Add a subscription in runtimes/dev/apim/subscriptions.yaml:
# ... existing subscriptions ...
- name: my-first-agent-subscription
  productScope: my-first-agent-product
The subscription generates an API key that clients use to access your agent through APIM.

Deploy APIM configuration

Commit and push all the APIM configuration changes, then open a Pull Request and merge it. ArgoCD will automatically sync and apply the APIM configurations.

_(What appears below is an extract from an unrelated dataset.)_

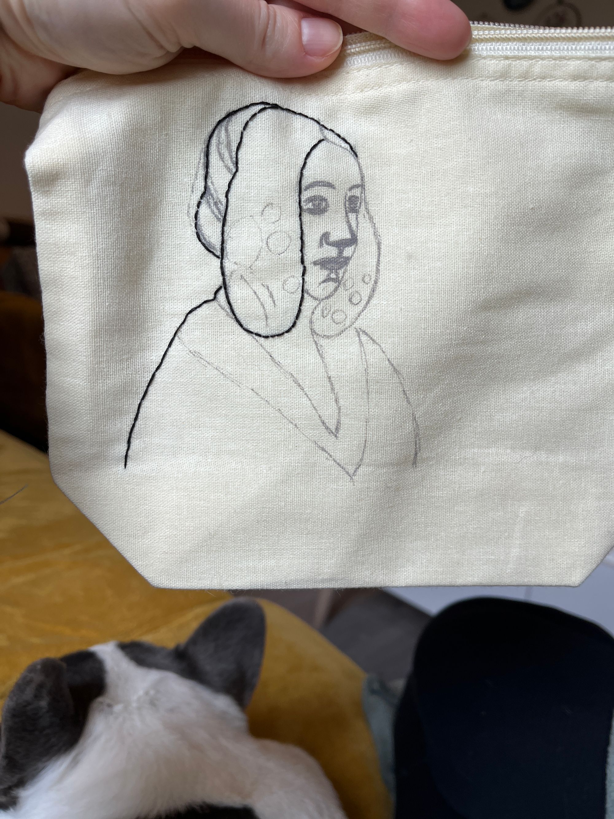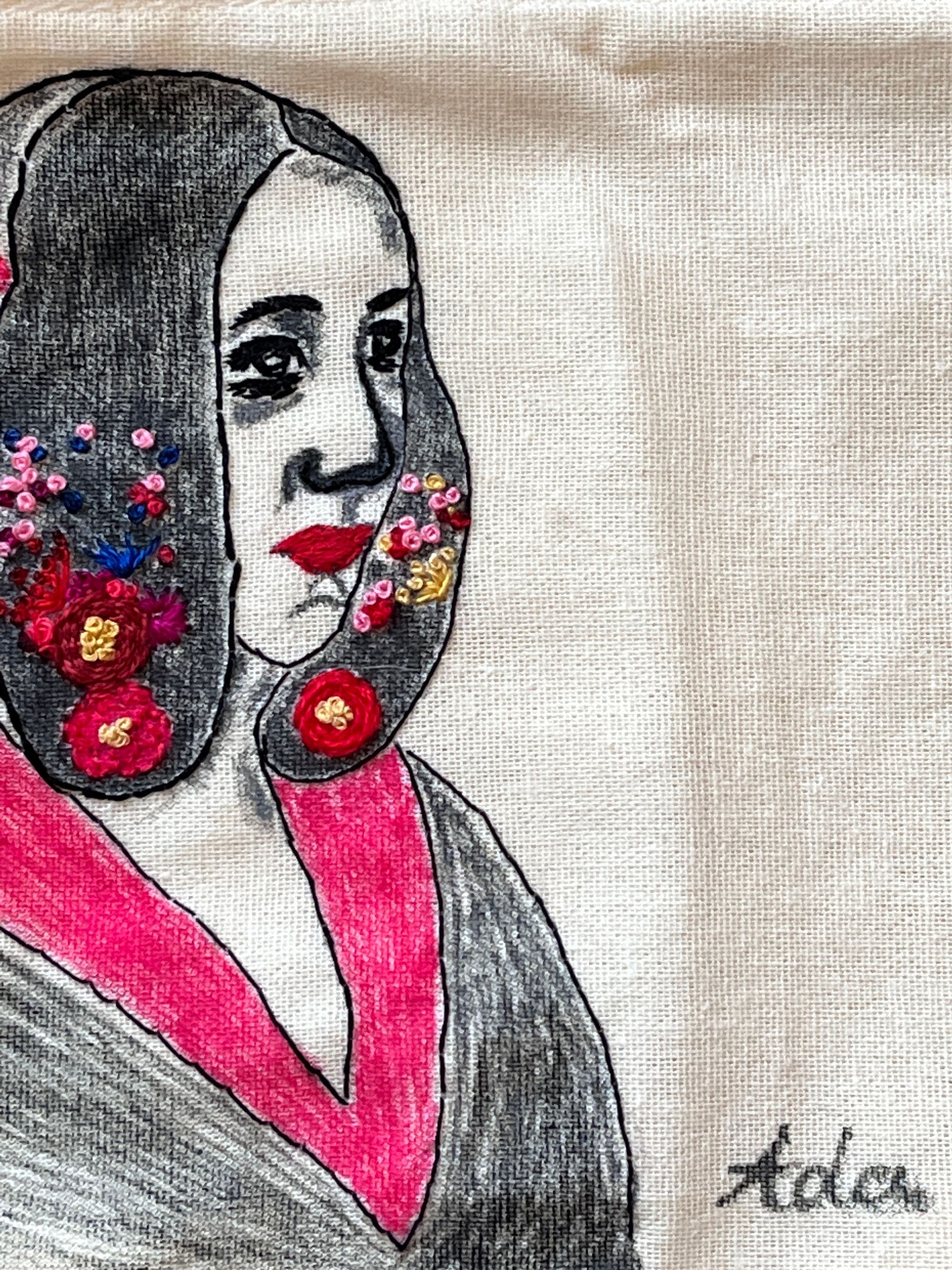 I decided to stitch her portrait basing my work on one of her later portraits. I wanted to showcase her as older, mature lady with a bit of sadness and seriousness in her eyes. I think women should be celebrated in all of their ages and not only when they are young, looking fresh and appealing.

Access your agent via APIM

Once the APIM configuration is deployed, you can access your agent securely using the subscription key:
curl --location 'https://apim.dev.agbs.gcservices.io/my-first-agent-api/v0/run/instructions_agent' \
  --header 'api-key: YOUR_SUBSCRIPTION_KEY' \
  --header 'Content-Type: application/json' \
  --data '{
    "query": "I'\''m my first agent."
}'
Replace YOUR_SUBSCRIPTION_KEY with the actual subscription key generated for my-first-agent-subscription. You can find this in the APIM portal or Kubernetes secrets.
You have successfully created, deployed, and exposed your first agentic application with secure API access through APIM!